Set the data below down again, exactly, with every picture left out.

Data below >>
————————
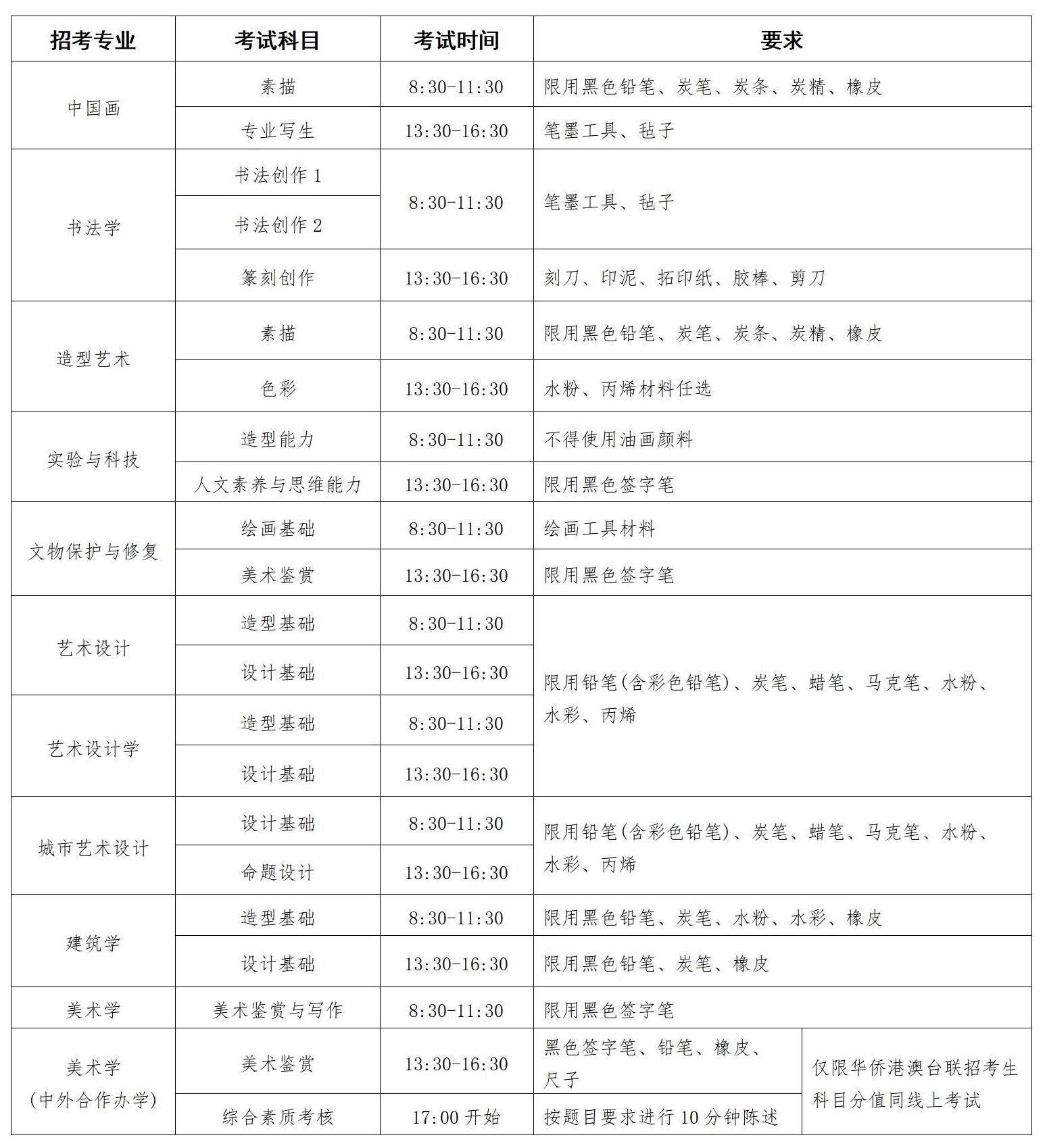 3.报考美术学(中外合作办学)专业的大陆考生仅参加线上考试,不参加现场考试。
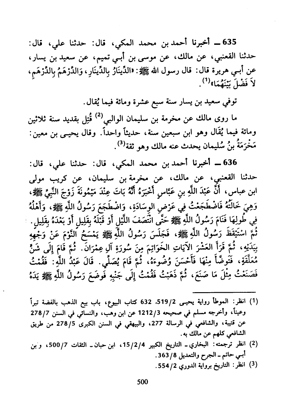 636 - أَخْبَرَنَا أَحْمَدُ بْنُ مُحَمَّدٍ الْمَكِّيُّ، قَالَ: حَدَّثَنَا عَلِيٌّ، قَالَ: حَدَّثَنَا الْقَعْنَبِيُّ، عَنْ مَالِكٍ، عَنْ مَخْرَمَةَ بْنِ سُلَيْمَانَ، عَنْ كُرَيْبٍ مَوْلَى ابْنِ عَبَّاسٍ، أَنَّ عَبْدَ اللَّهِ بْنَ عَبَّاسٍ أَخْبَرَهُ أَنَّهُ " بَاتَ عِنْدَ مَيْمُونَةَ زَوْجِ النَّبِيِّ صَلَّى اللَّهُ عَلَيْهِ وَسَلَّمَ، وَهِيَ خَالَتُهُ فَاضْطَجَعْتُ فِي عَرْضِ الْوِسَادَةِ، وَاضْطَجَعَ رَسُولُ اللَّهِ صَلَّى اللَّهُ عَلَيْهِ وَسَلَّمَ، وَأَهْلُهُ فِي طُولِهَا، فَنَامَ رَسُولُ اللَّهِ صَلَّى اللَّهُ عَلَيْهِ وَسَلَّمَ حَتَّى انْتَصَفَ اللَّيْلُ أَوْ قَبْلَهُ بِقَلِيلٍ أَوْ بَعْدَهُ بِقَلِيلٍ.
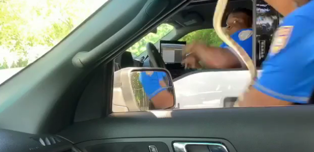 The police officer brought a fake snake during the daylight to scare off his partner and have a good laugh about it.
————————
Worked solution >>
 3.报考美术学(中外合作办学)专业的大陆考生仅参加线上考试,不参加现场考试。
 636 - أَخْبَرَنَا أَحْمَدُ بْنُ مُحَمَّدٍ الْمَكِّيُّ، قَالَ: حَدَّثَنَا عَلِيٌّ، قَالَ: حَدَّثَنَا الْقَعْنَبِيُّ، عَنْ مَالِكٍ، عَنْ مَخْرَمَةَ بْنِ سُلَيْمَانَ، عَنْ كُرَيْبٍ مَوْلَى ابْنِ عَبَّاسٍ، أَنَّ عَبْدَ اللَّهِ بْنَ عَبَّاسٍ أَخْبَرَهُ أَنَّهُ " بَاتَ عِنْدَ مَيْمُونَةَ زَوْجِ النَّبِيِّ صَلَّى اللَّهُ عَلَيْهِ وَسَلَّمَ، وَهِيَ خَالَتُهُ فَاضْطَجَعْتُ فِي عَرْضِ الْوِسَادَةِ، وَاضْطَجَعَ رَسُولُ اللَّهِ صَلَّى اللَّهُ عَلَيْهِ وَسَلَّمَ، وَأَهْلُهُ فِي طُولِهَا، فَنَامَ رَسُولُ اللَّهِ صَلَّى اللَّهُ عَلَيْهِ وَسَلَّمَ حَتَّى انْتَصَفَ اللَّيْلُ أَوْ قَبْلَهُ بِقَلِيلٍ أَوْ بَعْدَهُ بِقَلِيلٍ.
 The police officer brought a fake snake during the daylight to scare off his partner and have a good laugh about it.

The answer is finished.